→ What to produce
Omit every picture and write out the rest of the records exactly.

→ Given records

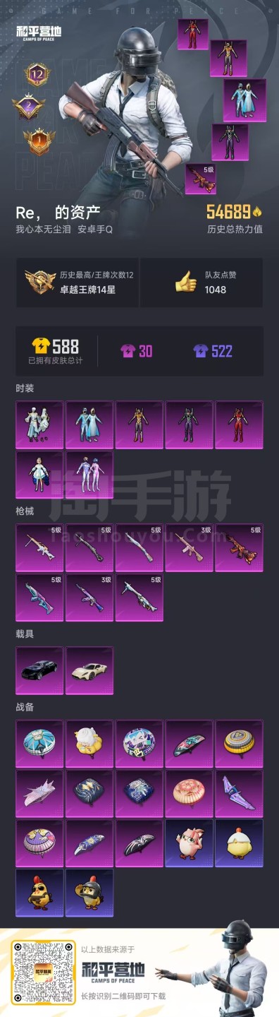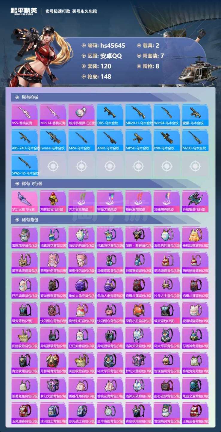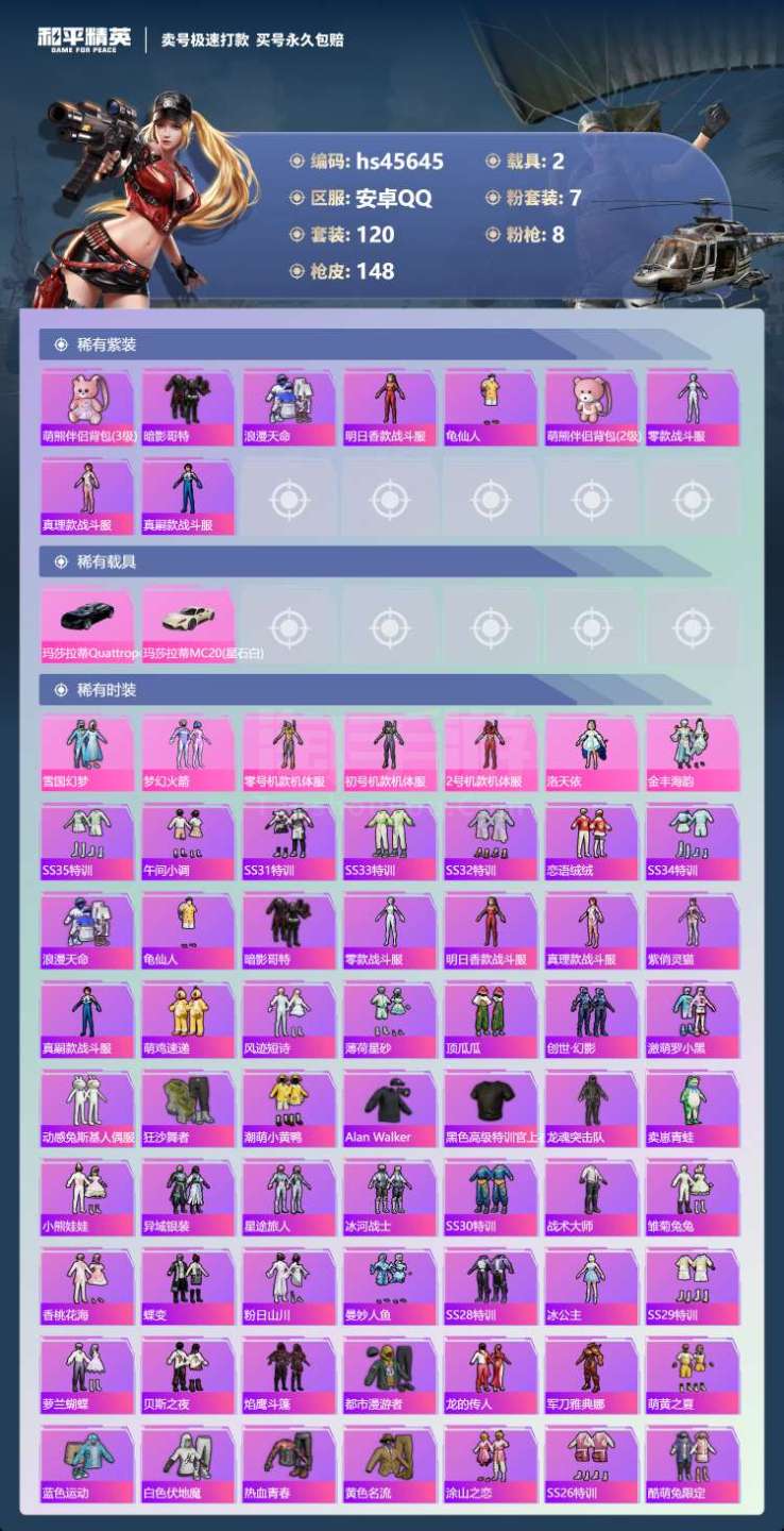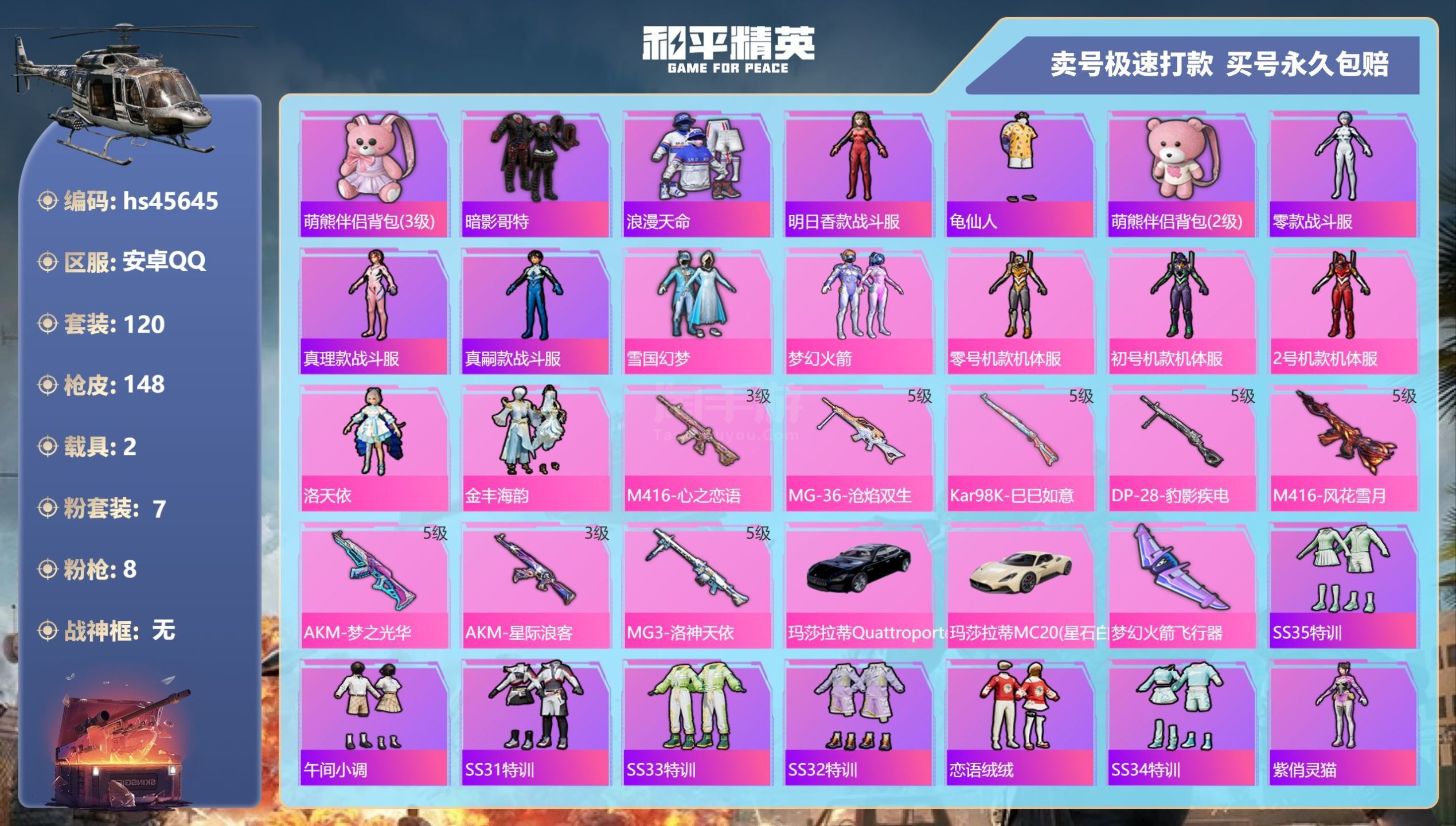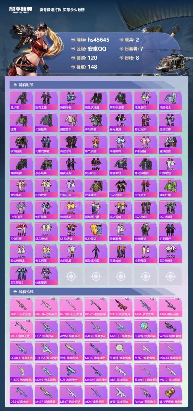 和平精英【安卓QQ】hs45645 安卓手Q-12王牌印记-7粉装-8特效枪-2载具-54689热力值-120套装-14
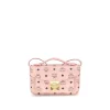 The Handbag by MCM features a rectangular design with rounded corners. Made of premium coated leather and carefully selected canvas. The meticulously finished interior is functional and organized, with multiple compartments and a zippered pocket. Luxurious details, such as the gold metal snap closure with engraved decoration and engraved MCM logo, enhance the brand’s excellent craftsmanship.
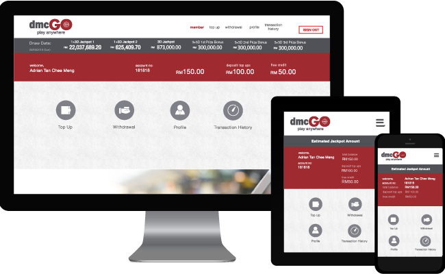 As a privileged dmcGO account holder, you can easily manage your account by securely logging in to the web portal exclusive to members only. Top up your account, withdraw winnings, check your account history or update your particulars in a few simple clicks.
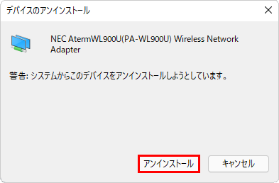 「警告:システムからこのデバイスをアンインストールしようとしています」と表示されましたら、「アンインストール」ボタンを押します。
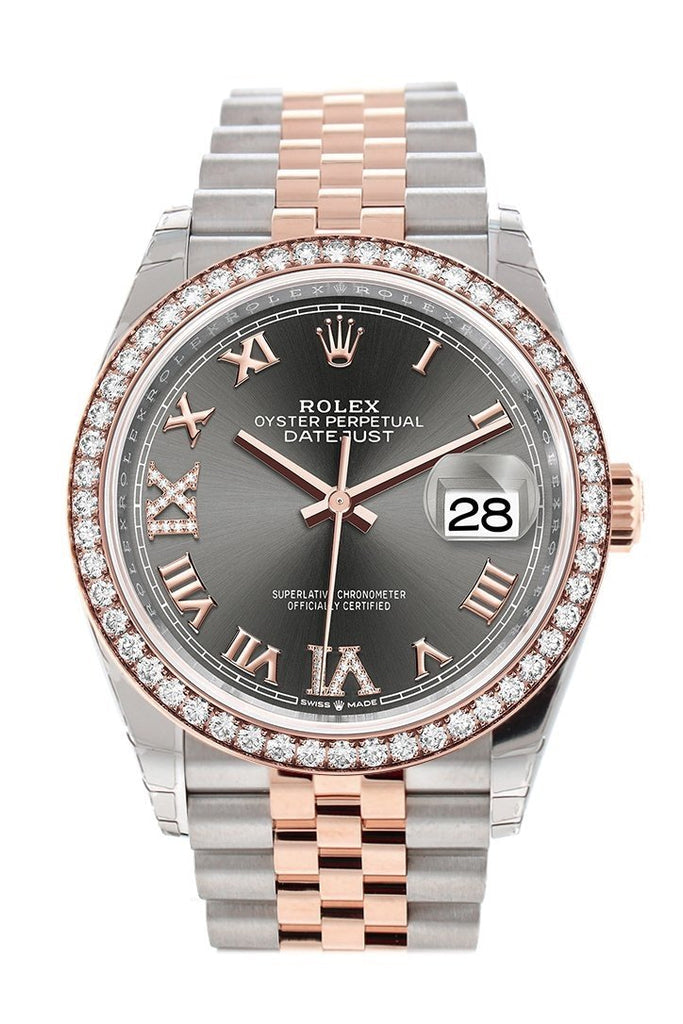 Rolex Datejust 36 Dark Rhodium Set with Diamonds Dial Diamond Bezel Rose Gold Two Tone Jubilee Watch 126281RBR 126281 NP
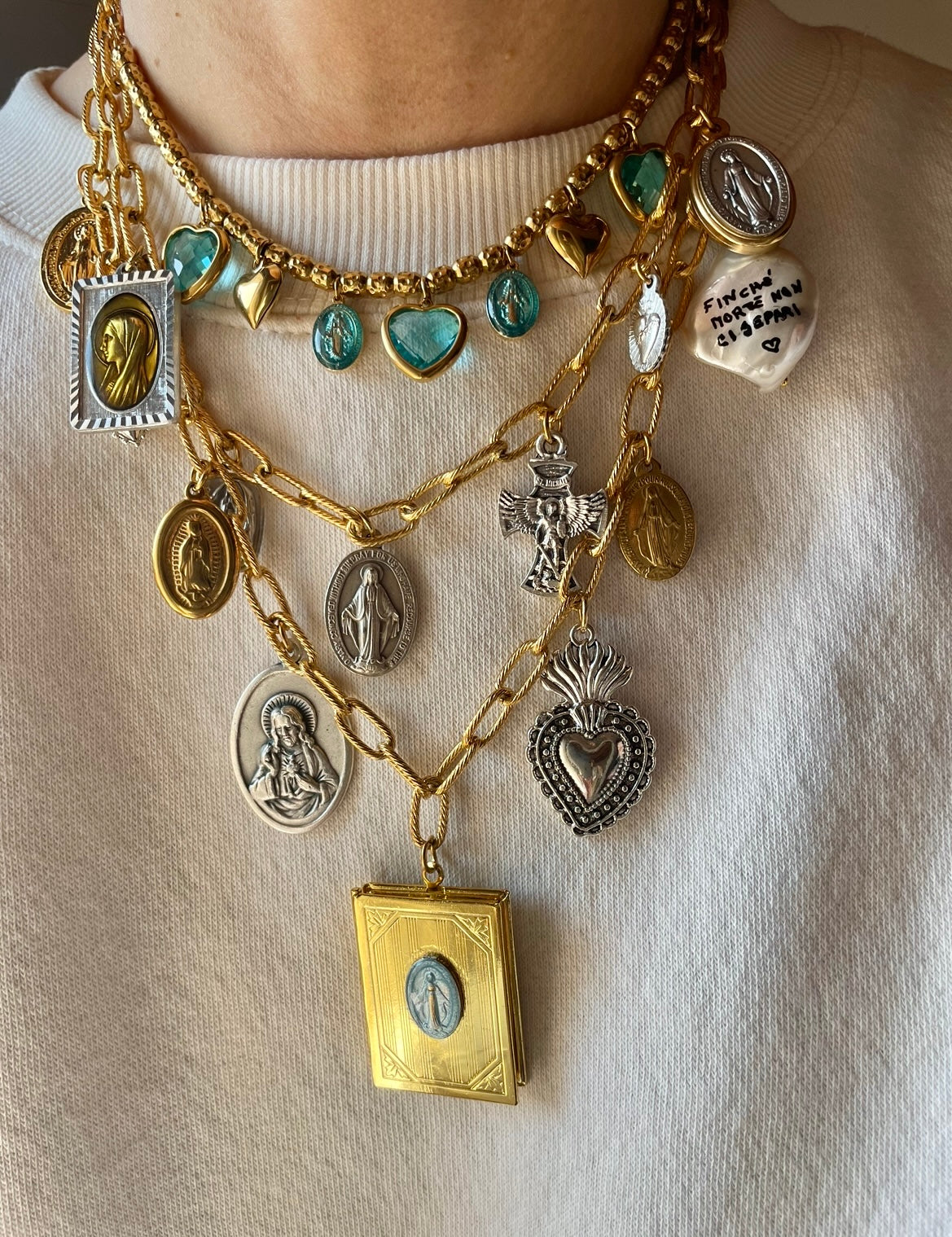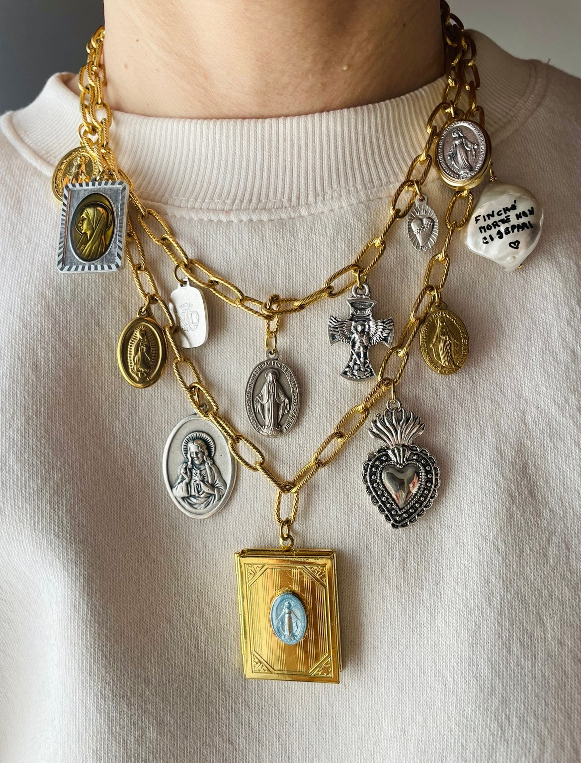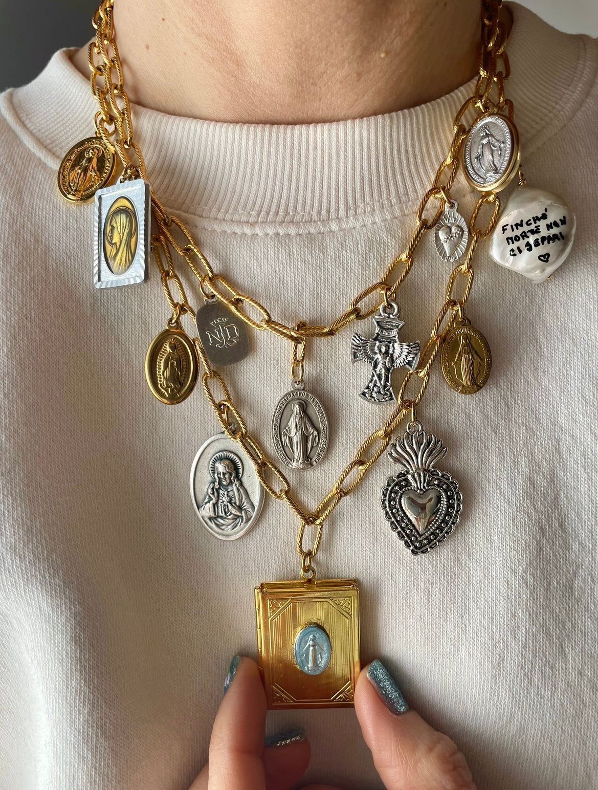 La bellezza di questa collana e' garantita dai due fili ricchissimi di medaglie religiose di cui è composta

→ Response
 和平精英【安卓QQ】hs45645 安卓手Q-12王牌印记-7粉装-8特效枪-2载具-54689热力值-120套装-14
 The Handbag by MCM features a rectangular design with rounded corners. Made of premium coated leather and carefully selected canvas. The meticulously finished interior is functional and organized, with multiple compartments and a zippered pocket. Luxurious details, such as the gold metal snap closure with engraved decoration and engraved MCM logo, enhance the brand’s excellent craftsmanship.
 As a privileged dmcGO account holder, you can easily manage your account by securely logging in to the web portal exclusive to members only. Top up your account, withdraw winnings, check your account history or update your particulars in a few simple clicks.
 「警告:システムからこのデバイスをアンインストールしようとしています」と表示されましたら、「アンインストール」ボタンを押します。
 Rolex Datejust 36 Dark Rhodium Set with Diamonds Dial Diamond Bezel Rose Gold Two Tone Jubilee Watch 126281RBR 126281 NP
 La bellezza di questa collana e' garantita dai due fili ricchissimi di medaglie religiose di cui è composta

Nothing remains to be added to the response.